Excerpts from a dataset:
=======

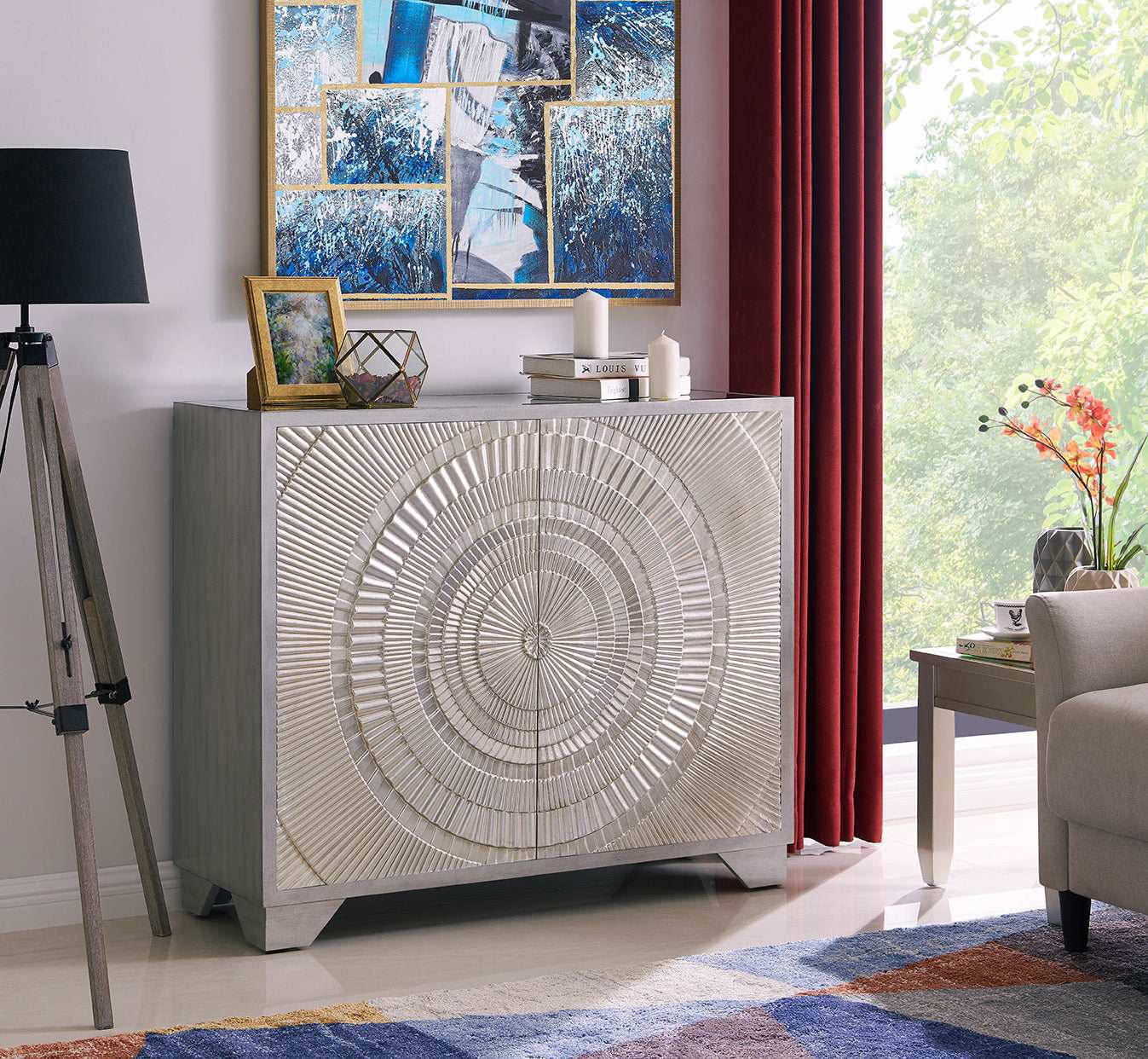 Introducing the Frenso 2 Door Silver Geometric Chest, a testament to the marriage of artistry and functionality. Crafted with geometric precision and adorned in a lustrous silver finish, this chest is an embodiment of modern luxury. Its soft-closing doors provide an effortlessly graceful experience. Discover a piece that elevates your living space, making a statement of opulence and sophistication.
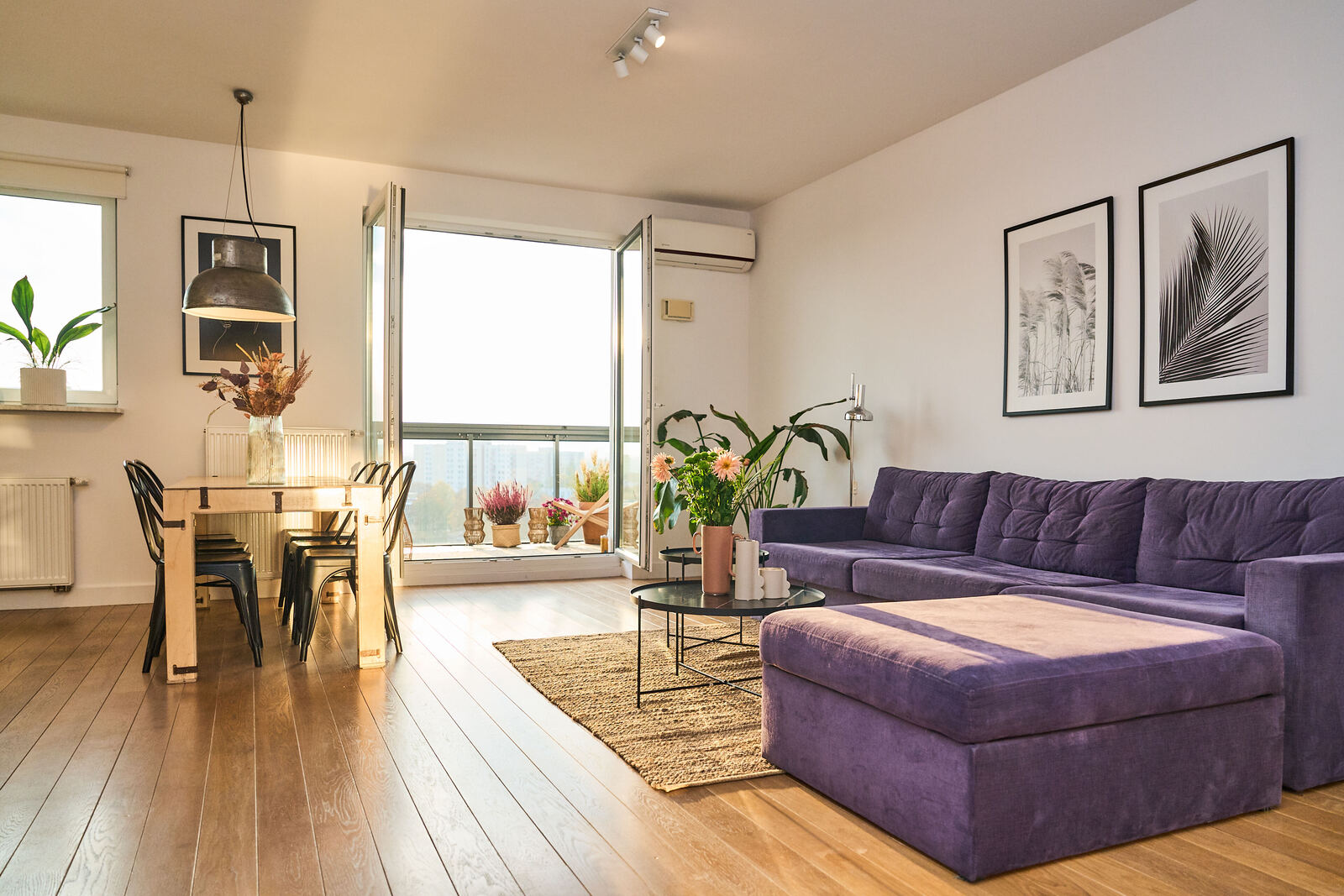 Przedstawiamy Państwu 106 m2 słonecznego apartamentu z niezwykłym klimatem i przepięknym widokiem na panoramę Warszawy. Apartament usytuowany pomiędzy Saską Kępą, a nowoczesną częścią Gocławia z bardzo dobrym dojazdem do centrum.
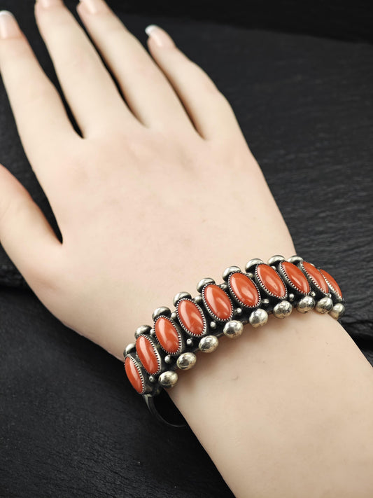 Native American Coral, Cuff Bracelet Sterling Silver
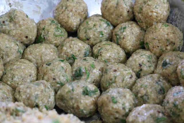 4. בינתיים מכינים מתערובת הקניידלך כדורים קטנים (בגודל של עגבניות שרי גדולות).
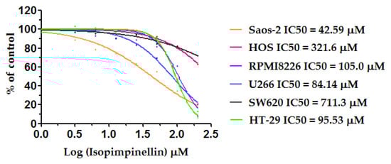 Non-linear curve fitting for the dose response curve of isopimpinellin in the Saos-2, HOS, RPMI8226, U266, SW620, and HT-29 cell lines, and their corresponding IC50 values (µM).
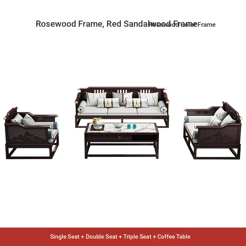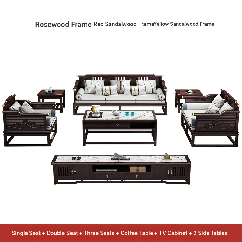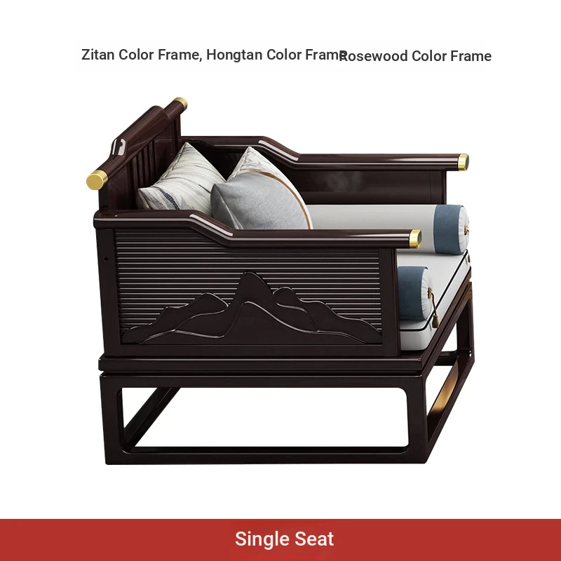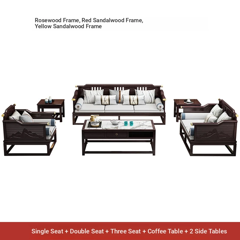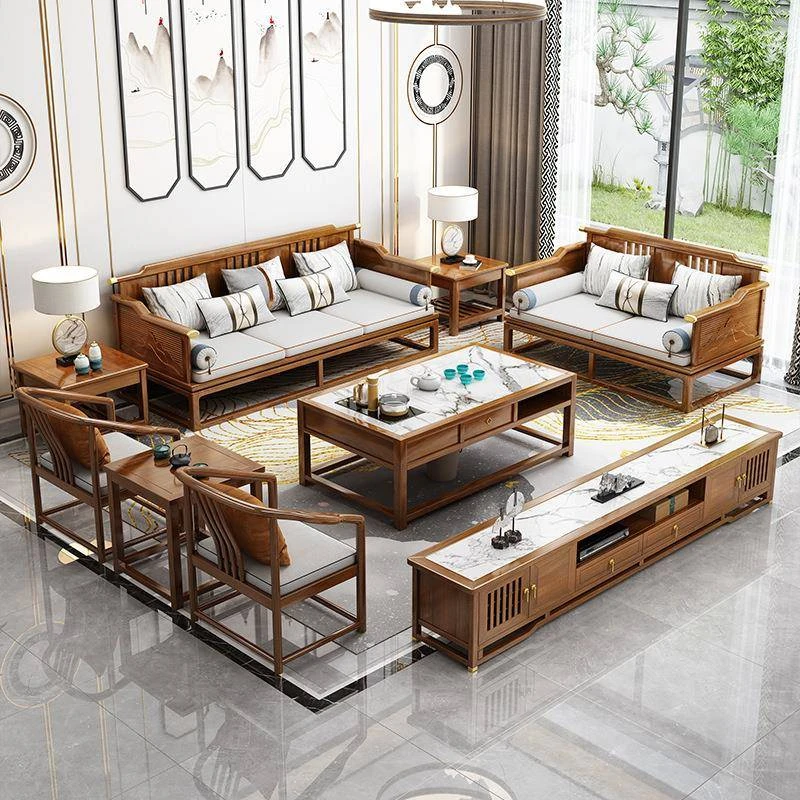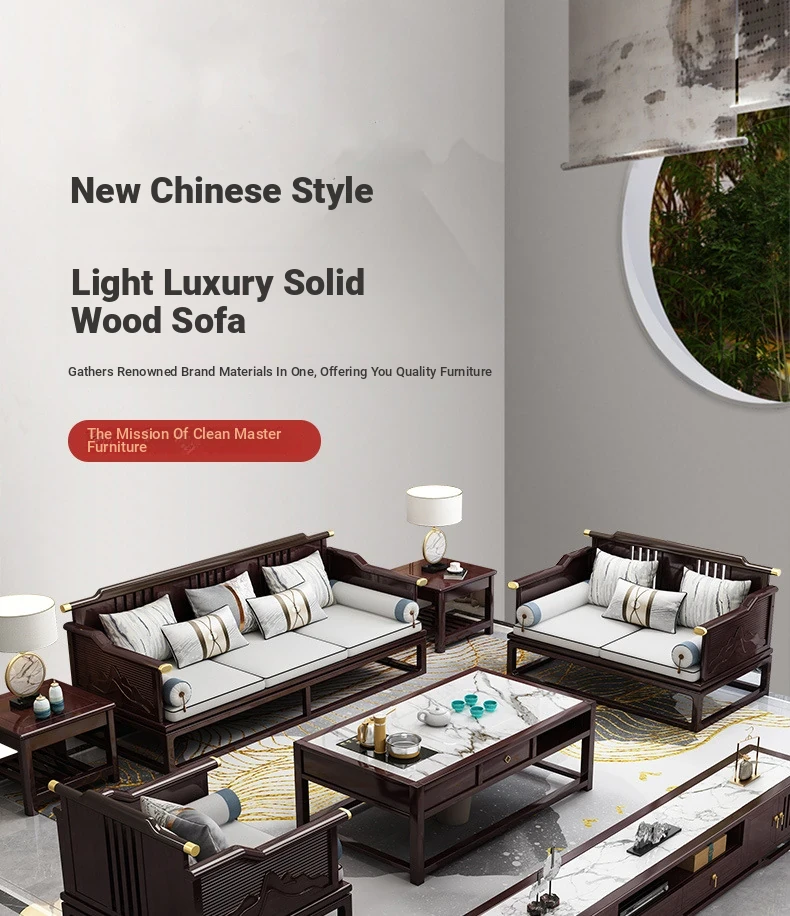 Modern Chinese Style Solid Wood Sofa Set - Minimalist Zen Luxury for Spacious Villas, Perfect for Living Room Décor with Elegant Chinese Aesthetics.

=======

• Work item:
In the copy, every entry appears exactly as written above and no picture appears.

• Task response:
 Introducing the Frenso 2 Door Silver Geometric Chest, a testament to the marriage of artistry and functionality. Crafted with geometric precision and adorned in a lustrous silver finish, this chest is an embodiment of modern luxury. Its soft-closing doors provide an effortlessly graceful experience. Discover a piece that elevates your living space, making a statement of opulence and sophistication.
 Przedstawiamy Państwu 106 m2 słonecznego apartamentu z niezwykłym klimatem i przepięknym widokiem na panoramę Warszawy. Apartament usytuowany pomiędzy Saską Kępą, a nowoczesną częścią Gocławia z bardzo dobrym dojazdem do centrum.
 Native American Coral, Cuff Bracelet Sterling Silver
 4. בינתיים מכינים מתערובת הקניידלך כדורים קטנים (בגודל של עגבניות שרי גדולות).
 Non-linear curve fitting for the dose response curve of isopimpinellin in the Saos-2, HOS, RPMI8226, U266, SW620, and HT-29 cell lines, and their corresponding IC50 values (µM).
 Modern Chinese Style Solid Wood Sofa Set - Minimalist Zen Luxury for Spacious Villas, Perfect for Living Room Décor with Elegant Chinese Aesthetics.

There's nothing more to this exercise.